Nate Campbell-Joan Guzman
Campbell: A
Guzman: F(’d)
On another network, in another part of the country, Mississippi fight fans were treated to an ESPN2 level main event on a Showtime card with WBC Jr. Welterweight titlist Timothy Bradley making easy work of Edner Cherry. It wasn’t supposed to be that way.
The inability of Joan Guzman to make weight and then to make the fight with WBA/WBO/IBF Lightweight beltholder Nate Campbell was ugly stuff and has been well covered here at BoxingScene (seriously…links abound on the main page). So why dish grades at all?

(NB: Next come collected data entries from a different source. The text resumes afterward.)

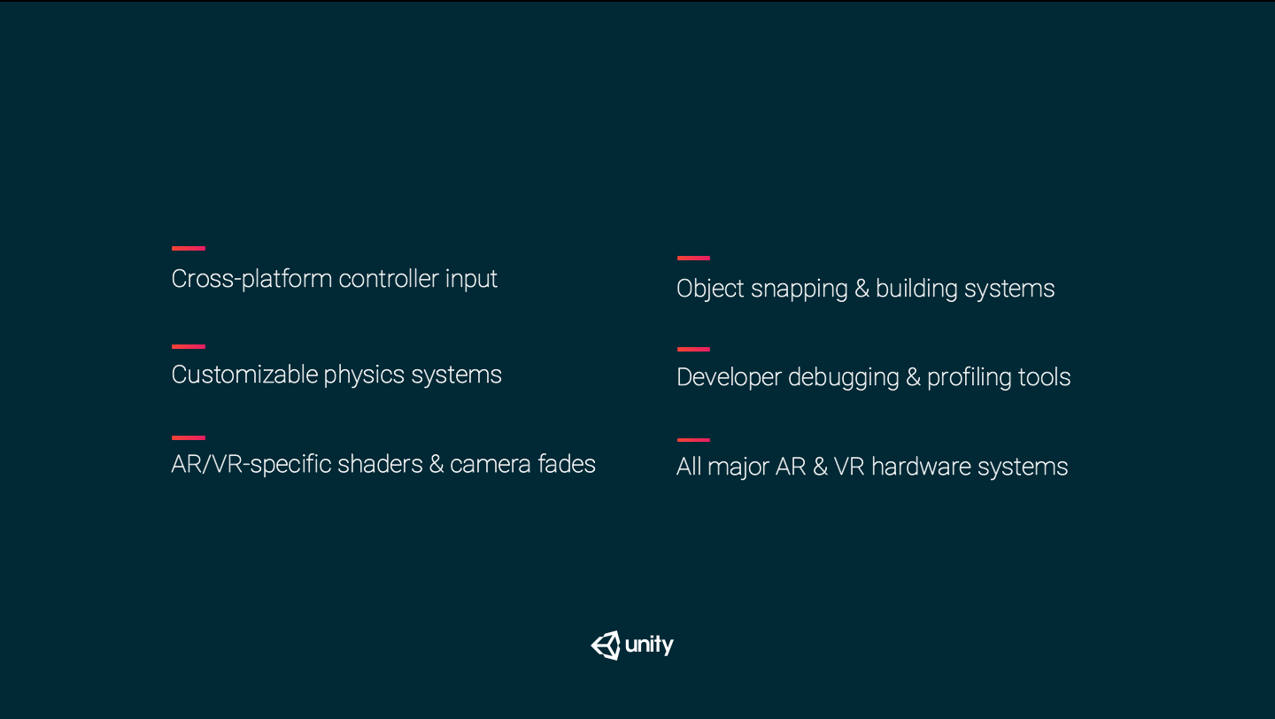 The Unity Labs team is also working with partners like Oculus, HTC Vive, PlayStation VR, and Daydream on a newly announced XR Foundation Toolkit, a framework for XR developers and artists to get up-to-speed as quickly as possible creating immersive experiences. We’ll have more info at our upcoming Vision VR/AR Summit, so stay tuned!
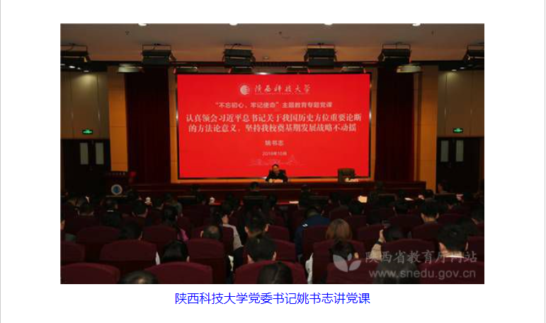 【陜西科技大學】按照中央、省委“不忘初心、牢記使命”主題教育部署安排,10月16日下午,陜西科技大學黨委書記姚書志為全體中層干部(含二級單位助理)、黨支部書記、輔導員講“不忘初心、牢記使命”主題教育專題黨課。專題黨課由該校黨委副書記溫鋒主持。姚書志作了題為“認真領會習近平總書記關于我國歷史方位重要論斷的方法論意義,堅持學校奠基期發展戰略不動搖”的黨課。從認真學習習近平同志關于我國發展歷史方位的重要論斷、體會形勢分析的辯證法;認真掌握形勢分析的辯證法,正確看待學校改革發展的形勢,正確認識省委綜合研判的有關反饋意見;把主題教育作為重大政治任務高標準高質量推進,切實推動學校各項事業發展取得新成績等三個方面,帶領大家深入學習關于我國歷史方位的重要判斷,認真領會其中所蘊含的方法論意義,尤其是要學會運用形勢分析的辯證法,結合學校工作實際,正確認識學校當前改革發展的形勢,鼓舞全校師生凝聚思想、統一認識,鼓足干勁、追趕超越。在這堂黨課的尾聲,姚書志號召全校上下齊心協力、敢于擔當,堅持高標準高質量推進主題教育,不斷推動學校各項事業沿著“三步走”發展戰略持續向好發展,使學校的奠基期更加厚實,做到厚積而薄發,早日實現陜西科技大學復興騰飛的偉大夢想。省委“不忘初心、牢記使命”主題教育第八巡回指導組成員,陜煤集團黃陵礦業公司黨委副書記、紀委書記孫鵬,在校的黨委委員、校領導、校長助理出席。
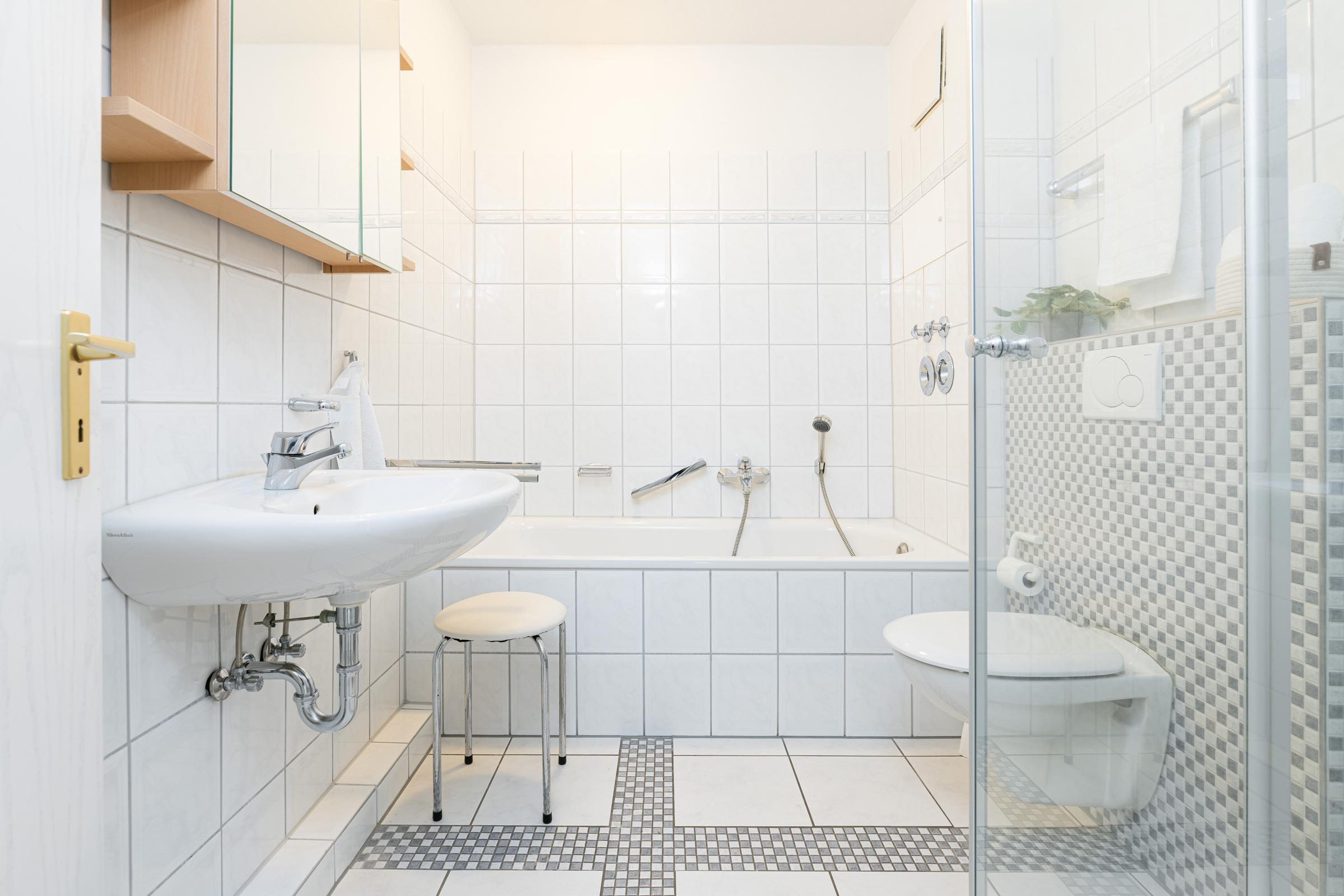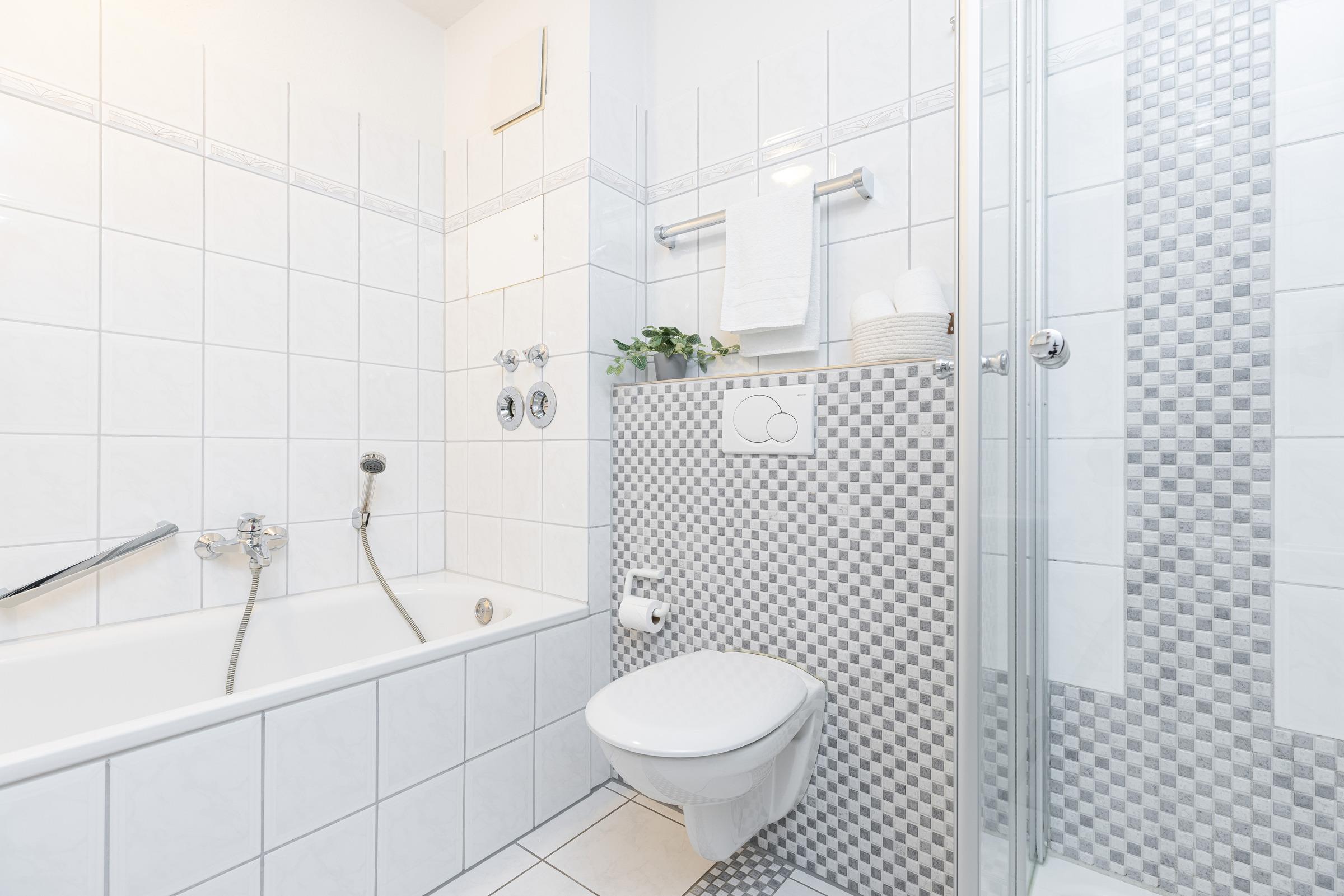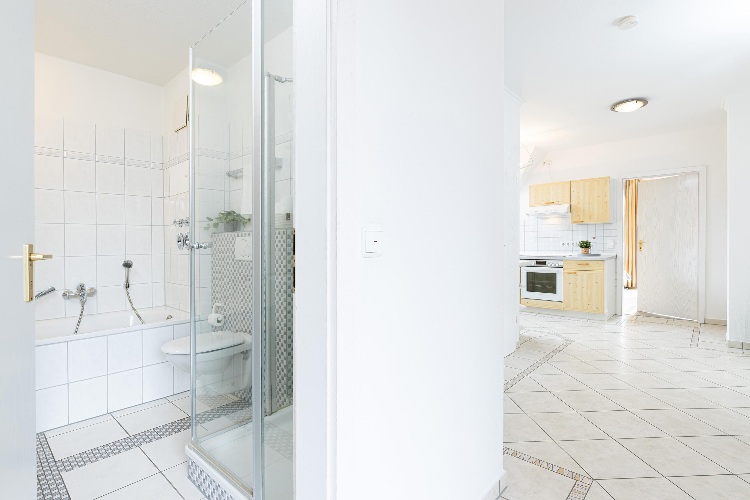 Dieses traumhafte Feriendomizil bietet Ihnen ein großzügiges Wohn-Esszimmer mit einer gemütlichen Couchgarnitur und einem Sessel zum Entspannen. Für Unterhaltung sorgen ein Flachbildschirm, eine HiFi-Anlage mit CD und USB-Anschluss. Für gemütliche Spieleabende gibt es einen großen Esstisch. Die zentrale Küche ist mit allem ausgestattet, was man für gemeinsame Kochabende braucht. Zwei separate Schlafzimmer, eins mit Doppelbett (180x200 cm) und eins mit 2 Einzelbetten (je 100x200 cm), bringen Sie ins Land der Träume. Das geräumige Badezimmer wartet mit Dusche und einer Badewanne auf. Zusätzlich gibt es ein Gäste-WC. Der möblierte Balkon lädt ebenfalls zum Verweilen ein.
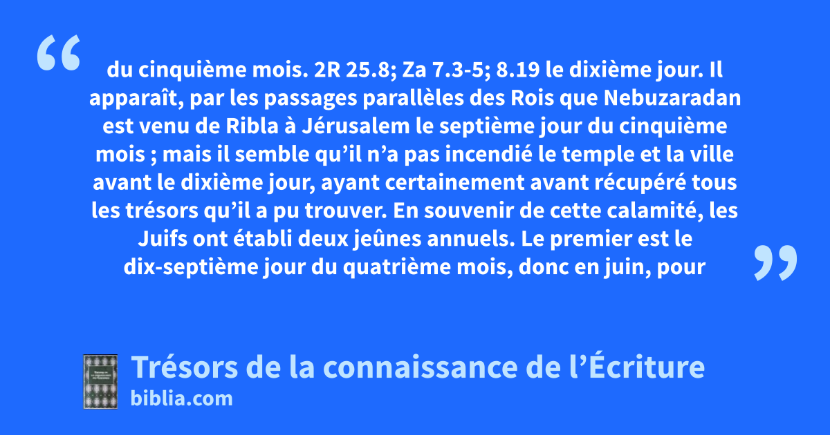 du cinquième mois. 2R 25.8; Za 7.3-5; 8.19 le dixième jour. Il apparaît, par les passages parallèles des Rois que Nebuzaradan est venu de Ribla à Jérusalem le septième jour du cinquième mois ; mais il semble qu’il n’a pas incendié le temple et la ville avant le dixième jour, ayant certainement avant récupéré tous les trésors qu’il a pu trouver. En souvenir de cette calamité, les Juifs ont établi deux jeûnes annuels. Le premier est le dix-septième jour du quatrième mois, donc en juin, pour la destruction de Jérusalem, et l’autre le neuvième jour du cinquième mois, en juillet, pour la destruction du temple. la dix neuvième année. 29; 2R 24.12; 25.8 chef des gardes. 14; 39.9; Gn 37.36 *
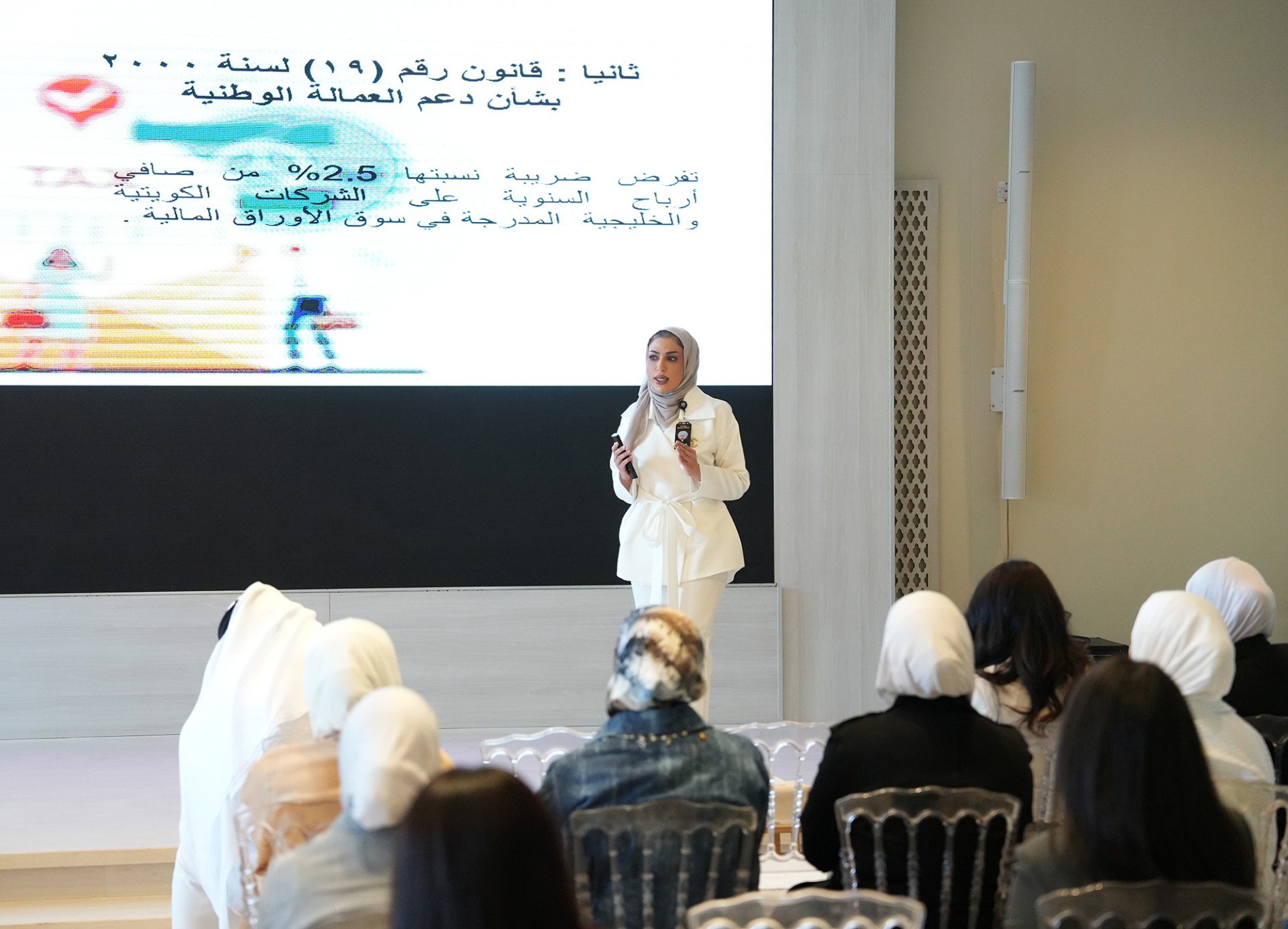 وتطرقت المحاضرة إلى أنواع الضريبية والفرق بين الضريبة والرسوم مبينة أن قانون رقم (19) 2000 بشأن دعم العمالة الوطنية يفرض ضريبة على الشركات المدرجة الكويتية والخليجية المدرجة في سوق الكويت للاوراق المالية بنسبة 5ر2 في المئة.

Because the behavior of Nate Campbell in his interview on Showtime merited it. He was composed and professional, masking the bitter disappointment this had to bring. He needed Guzman to polish his 2007, make his case for Fighter of the Year, and further his position in hopes of a serious money fight in 2009. He’s already got most of the division’s best fighters walled away from him in one way or another by Golden Boy Promotions and decreased visibility doesn’t help in shaming the shameful strategy of avoidance going on under a banner constantly spouting ‘the best need to fight the best.’ Marquez has histories claim to the Lightweight title, but Campbell’s win over Juan Diaz gave him the rights to feel like the people’s champ.
The debate will rage on. Marquez might be headed towards Juan Diaz while Campbell faces IBF mandatory Ali Funeka and perhaps even Marco Antonio Barrera. He and Campbell now share promoter Don King and the King could certainly sell that one.
For Guzman, this is a disaster the affects of which won’t be fully known until later. Already 32, his body will likely now reinflate during a suspension and, while he might walk around heavy, the former Jr. Featherweight titlist is unlikely to fit in well north of the Lightweight class. Lots of Boxing watchers are suckers for fighters who are avoided, romanticizing the big chance. Not many fighters who get their big chance after a decade of waiting so completely dump on it. That said, Guzman can’t weather this alone. His managers, trainers and promoters had to know, or should have known, what was going on behind the scenes. He never should have been allowed on that scale. They are as guilty as the fighter but, as is too often the case, the fighter will eat the burden alone.
It wasn’t enough to ruin an otherwise solid weekend, but it does remind of what kind of business Boxing can sink to sometimes.